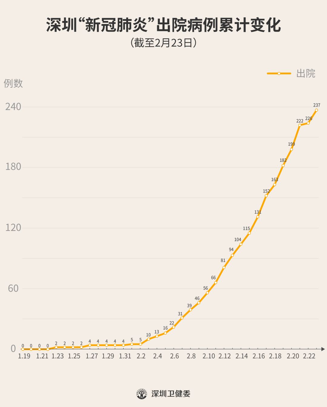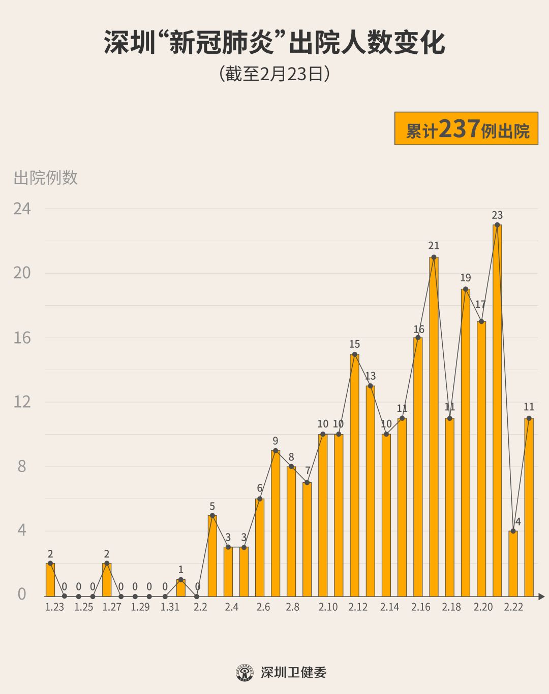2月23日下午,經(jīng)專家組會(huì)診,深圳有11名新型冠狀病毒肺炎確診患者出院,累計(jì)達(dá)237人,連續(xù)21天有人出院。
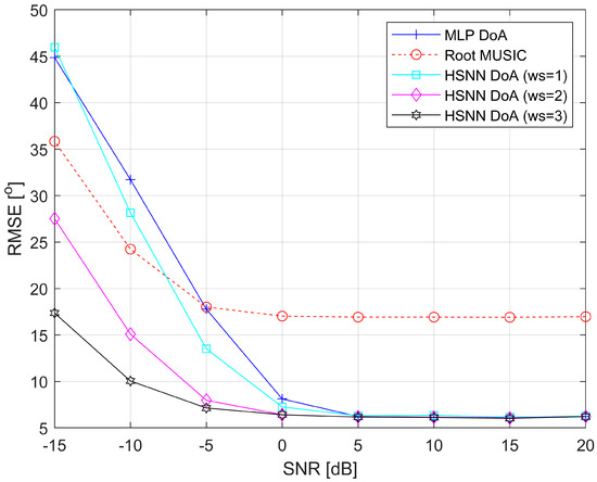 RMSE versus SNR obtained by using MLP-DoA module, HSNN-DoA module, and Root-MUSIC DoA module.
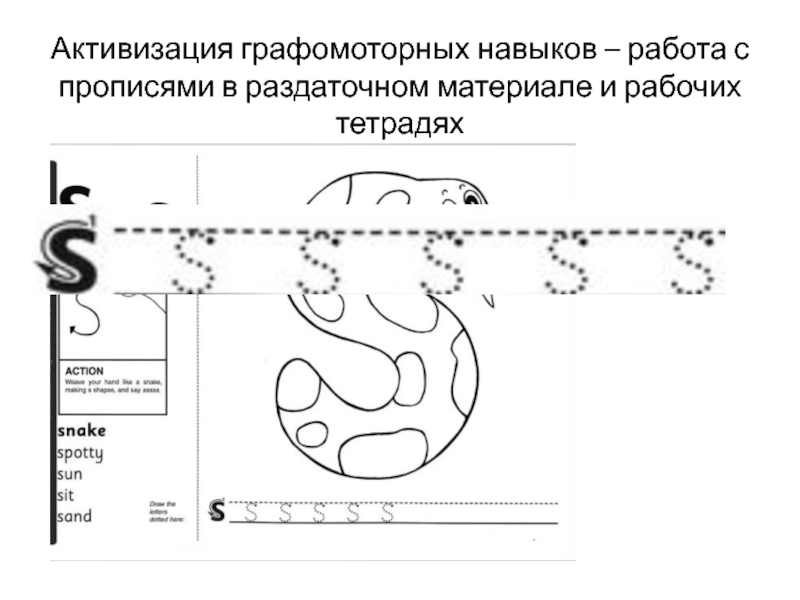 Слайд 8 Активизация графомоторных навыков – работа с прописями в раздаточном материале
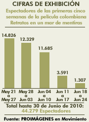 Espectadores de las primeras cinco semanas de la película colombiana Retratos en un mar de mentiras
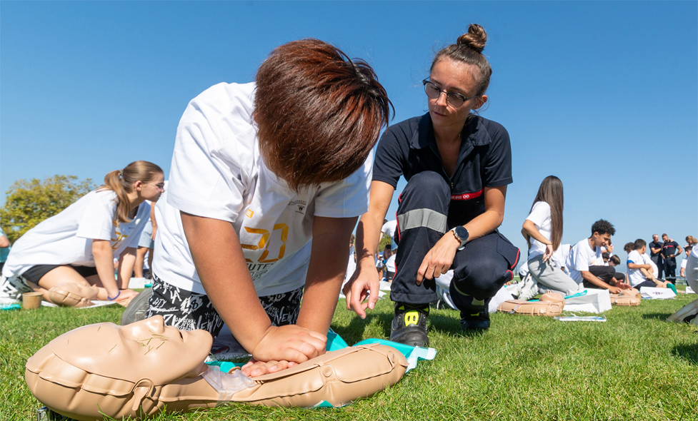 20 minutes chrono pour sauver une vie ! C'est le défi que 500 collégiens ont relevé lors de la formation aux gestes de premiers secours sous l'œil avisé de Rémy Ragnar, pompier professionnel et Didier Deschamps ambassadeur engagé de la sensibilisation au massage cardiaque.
....
WHAT YOU SHOULD DO = Pictures aside, repeat each entry in full and without change.

RESPONSE TO THIS TASK =
2月23日下午,經(jīng)專家組會(huì)診,深圳有11名新型冠狀病毒肺炎確診患者出院,累計(jì)達(dá)237人,連續(xù)21天有人出院。
 RMSE versus SNR obtained by using MLP-DoA module, HSNN-DoA module, and Root-MUSIC DoA module.
 Слайд 8 Активизация графомоторных навыков – работа с прописями в раздаточном материале
 Espectadores de las primeras cinco semanas de la película colombiana Retratos en un mar de mentiras
 20 minutes chrono pour sauver une vie ! C'est le défi que 500 collégiens ont relevé lors de la formation aux gestes de premiers secours sous l'œil avisé de Rémy Ragnar, pompier professionnel et Didier Deschamps ambassadeur engagé de la sensibilisation au massage cardiaque.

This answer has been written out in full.